But before John discusses what Christ has done he clarifies the nature of the enemy the Lord came to earth to defeat; sin.  Verse 4 gives us the picture: Everyone who practices sin also practices lawlessness; and sin is lawlessness.  Everyone is an excellent translation.  The Greek word “pas” has both an individual (each, every, or all) and a collective (some of all types) definition.  But the context here in verse 4 makes it clear that it is the individual sense of “pas” that John is using.  It would be ludicrous to assert that only some of the people who are guilty of sin are also guilty of lawlessness.  John ensures that we understand that by clarifying that sin is literally equal or the same as lawlessness.  If sin is the equivalent of lawlessness then it is entirely accurate to state that when sin occurs lawlessness also occurs in equal measure.  Therefore, anyone who practices sin is practicing lawlessness.

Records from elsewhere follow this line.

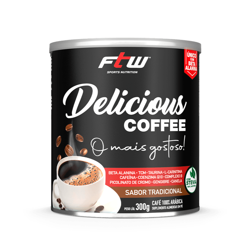 <p><span>O </span><b>Delicious Coffee sabor tradicional FTW</b><span> é uma bebida funcional desenvolvida para quem busca energia, foco e desempenho com equilíbrio. Feito com café 100% arábica, ele traz em sua fórmula ingredientes como TCM, taurina, L-carnitina, coenzima Q10, picolinato de cromo, gengibre, canela e vitaminas do complexo B, tudo adoçado naturalmente com stévia. Além disso, ele vem com 1 g de beta-alanina, um diferencial para quem busca uma alternativa de pré-treino e não tolera altas doses de cafeína. Uma combinação única, pensada para potencializar sua rotina com sabor e funcionalidade.</span></p> <h2><b>Sugestão de consumo: </b></h2> <p><span>Recomenda-se diluir 10 g (1 medida dosadora) em cerca de 100 ml de água quente. Uma alternativa ao café tradicional, pode ser consumido 1 a 2 porções ao dia, 20 minutos antes da atividade física ou pela manhã.</span></p> <h2><b>Motivos para escolher o produto: </b></h2> <ul> <li aria-level="1"><span>Formulado com beta-alanina</span></li> <li aria-level="1"><span>100 mg de cafeína por porção</span></li> <li aria-level="1"><span>Contém Coenzima Q10 e L-carnitina</span></li> <li aria-level="1"><span>Enriquecido com vitaminas do complexo B</span></li> <li aria-level="1"><span>Adoçado com stévia, adoçante natural</span></li> <li aria-level="1"><span>Sem adição de açúcar</span></li> <li aria-level="1"><span>Livre de glúten e lactose</span></li> </ul> <h2><b>A marca:</b></h2> <p><span>A </span><b>FTW</b><span> nasceu do espírito </span><i><span>For The Win</span></i><span>, com a missão de oferecer suplementos de alta qualidade para quem leva o esporte a sério. Mais do que atender às demandas do desempenho físico, a marca inspira atletas de todos os níveis a superarem seus próprios limites, com produtos desenvolvidos para potencializar resultados. Com uma linha completa e rigorosamente testada, a FTW está presente na rotina de quem busca evolução constante. Cada fórmula carrega o compromisso com a performance, a saúde e a superação.</span></p>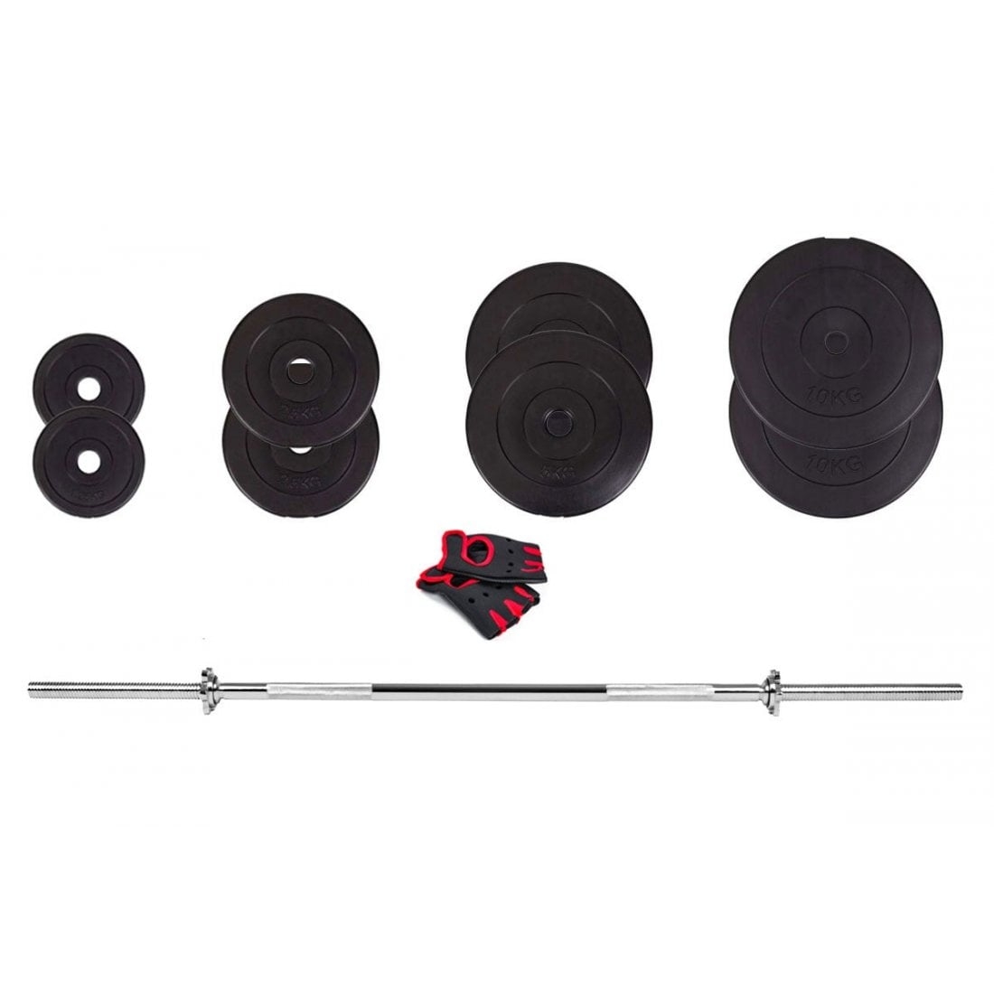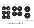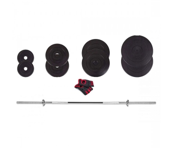 У комплект входить гриф прямої довжиною 180 см з діаметром 30 мм, рукавички і диски. Загальна вага становить 47,5 кг.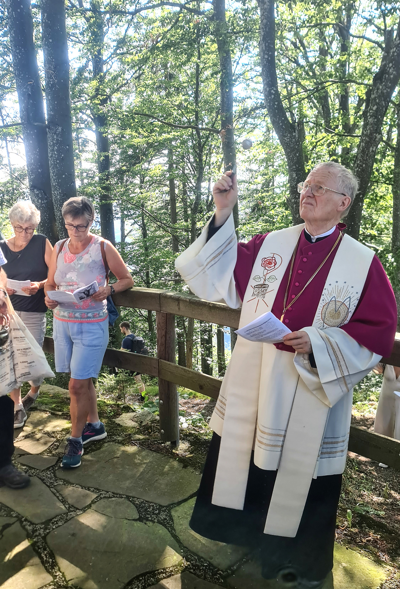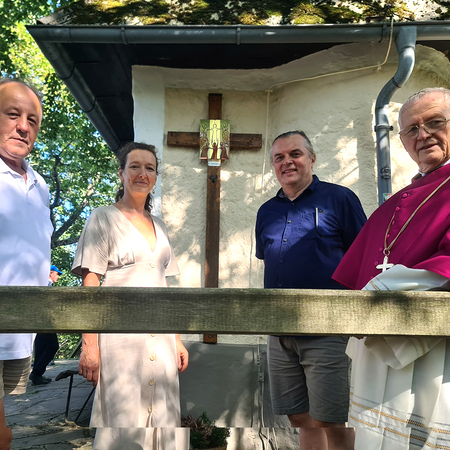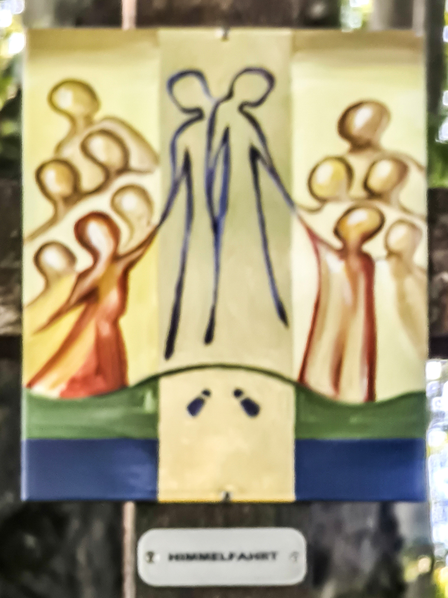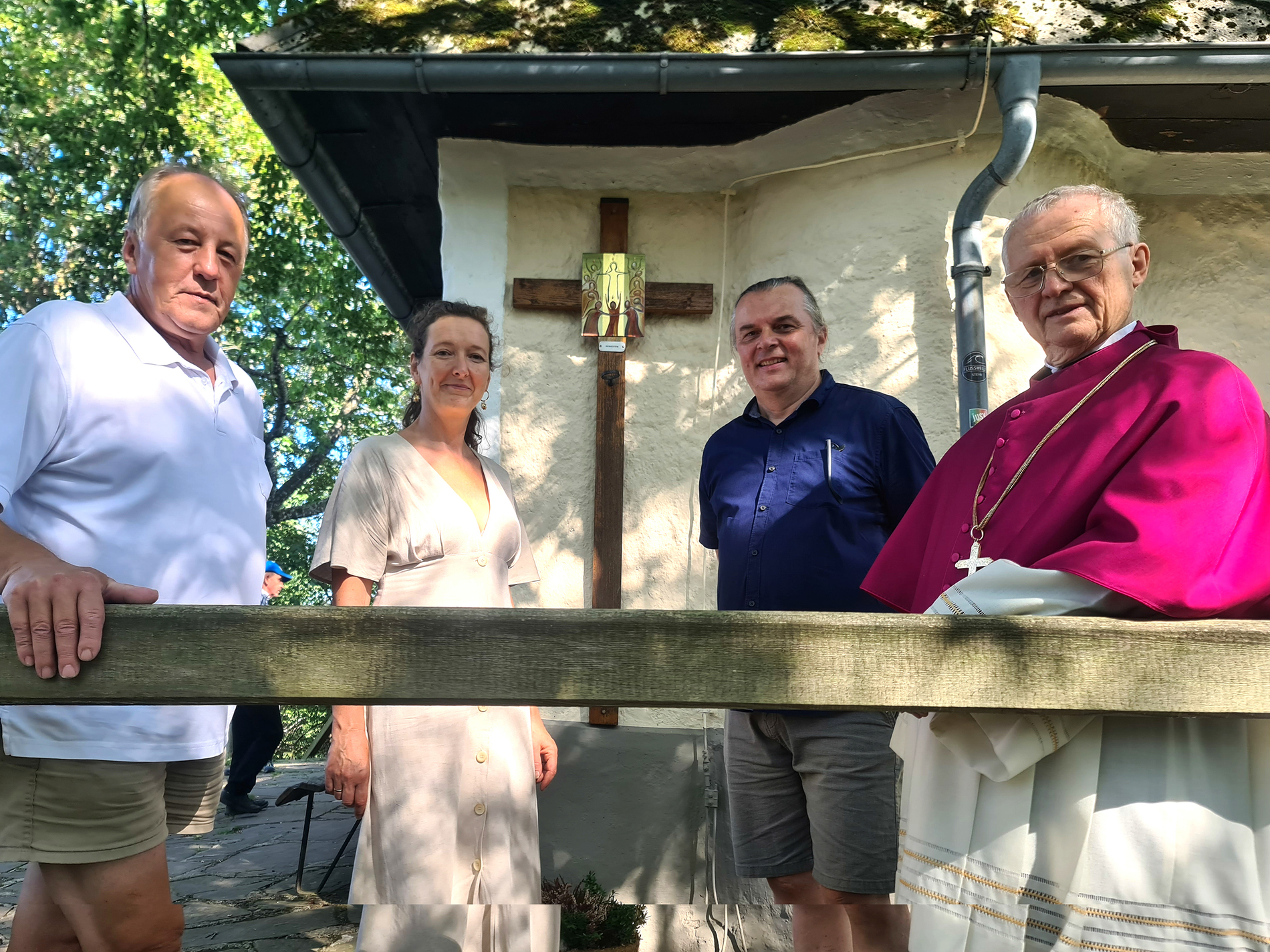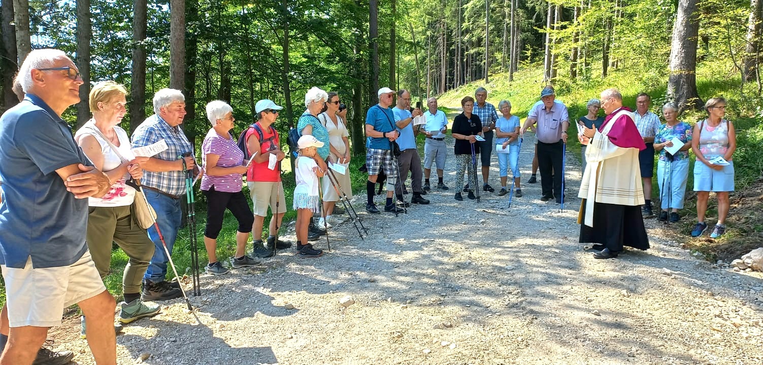Am Marienfeiertag zogen etwa 40 Teilnehmer den Weg hinauf zur Oberen Kapelle der „Sieben Freuden Marias“ und Stadtpfarrer Msgr. Döller segnete im Beisein des Künstlers und von StR Franz Sommer die Kreuze und Bilder.

I’d like to camp on the word lawlessness for just a minute.  A dictionary definition of it is probably immediately obvious to us: the quality or state of being unrestrained by law; disorder.  But what does lawlessness mean beyond this lexical definition?  To get at this I would like to lead with a correlating question: what is law?  The word law comes from the root word lay.  So a law is that which is laid, set, or fixed.  It is an absolute.  In the context of a nation state laws are rules prescribed by the state for the regulation of the actions of its citizens.

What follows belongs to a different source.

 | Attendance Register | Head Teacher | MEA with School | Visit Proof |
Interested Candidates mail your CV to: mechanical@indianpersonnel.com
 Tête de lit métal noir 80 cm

But if we move beyond that realm to the sphere of universal laws set forth by God from the point of creation we realize something else.  Namely, that God’s laws exist to provide an explanation of the intended function of something.  God designed the law of gravity because He intended that planetary bodies be capable of holding objects on their surface so as to prevent them from drifting off into space.  If gravity on earth were to be somehow disrupted then our planet would not be functioning as intended.  Similarly, God set forth a law or a rule that mankind would be image bearers designed to show forth His glory alongside of and ultimately in a more superior way to the rest of creation.  Granted, we don’t normally think of the creation of man as being tied to a law.  But in terms of a law being a fixed statute or rule it is no less a law than the 2nd law of thermodynamics or the 1st law of motion.

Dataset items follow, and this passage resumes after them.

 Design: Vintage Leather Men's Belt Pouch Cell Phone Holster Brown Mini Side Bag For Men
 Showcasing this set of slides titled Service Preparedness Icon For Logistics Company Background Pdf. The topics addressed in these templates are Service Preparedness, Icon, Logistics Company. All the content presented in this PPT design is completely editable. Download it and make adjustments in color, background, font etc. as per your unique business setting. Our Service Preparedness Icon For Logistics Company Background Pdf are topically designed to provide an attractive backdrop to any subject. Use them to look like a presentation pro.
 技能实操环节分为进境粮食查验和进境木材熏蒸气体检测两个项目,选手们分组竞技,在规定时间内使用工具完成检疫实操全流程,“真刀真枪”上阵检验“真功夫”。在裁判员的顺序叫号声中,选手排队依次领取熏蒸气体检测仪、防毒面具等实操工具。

Now then, we have already seen that the quality or state of being lawless indicates an absence of law.  That is fairly obvious.  But when we take that principle and apply it to our subject in 1st John 3, of God’s laws and their understood implication of natural function and intended design then a relevant correlating truth emerges.  Lawlessness indicates a malfunction or a corruption of something’s natural function and intended design.  So in effect, what John is giving us here in verse 4 is a view of sin as being not just rebellion, not just evil, but an actual and tangible distortion of reality.  Sin is far more deadly and insidious than just a breaking of the rules.  It is a corrupting pestilence that twists and perverts and undermines the natural fabric of the created universe.

With that in mind, let’s move back and look at the word translated “practices”, as in “everyone who practices sin”.  The Greek is “poieo” and it means to make or to do.  It has both the idea of producing or being the cause of something as well as rightly executing a course of action well.  Consider the following ways it is used from the gospel of John.  Chapter 2 verse 5 reads: His mother said to the servants, “Whatever He says to you, do it.”  Mary wanted the servants to carry out Jesus’s instructions exactly, efficiently, and quickly.  On the other hand, in verse 15 of the same chapter we find that: He made a scourge of cords, and drove them all out of the temple.  Christ, with His own hands, with skill and determination, and with awareness of His actions, methodically invested the time and effort into making a whip out of the materials at hand.  He literally produced a scourge that did not previously exist before He came along that day.

What does this tell us about the pattern of behavior exhibited by those John is describing?  It narrates a chilling tale.  We are to understand that these people are careful and deliberate in their sinning.  They have full awareness and understanding of what they are doing and they do it anyhow.  They produce through their own efforts acts of sin that did not previously exist in the world.  They are thorough and deliberate in their pattern of lawless behavior that twists and corrupts and distorts the intended function of their own bodies as well as the envisioned design of the created order they come into contact with.  This is the very face of evil, plastered across the faces and trailing in the wake of those in rebellion against God.  Ruined lives, failed relationships, miserable existences, and ultimately a bleak death and a lonely, terror-stricken eternity are the results of the pattern of behavior John is describing for us.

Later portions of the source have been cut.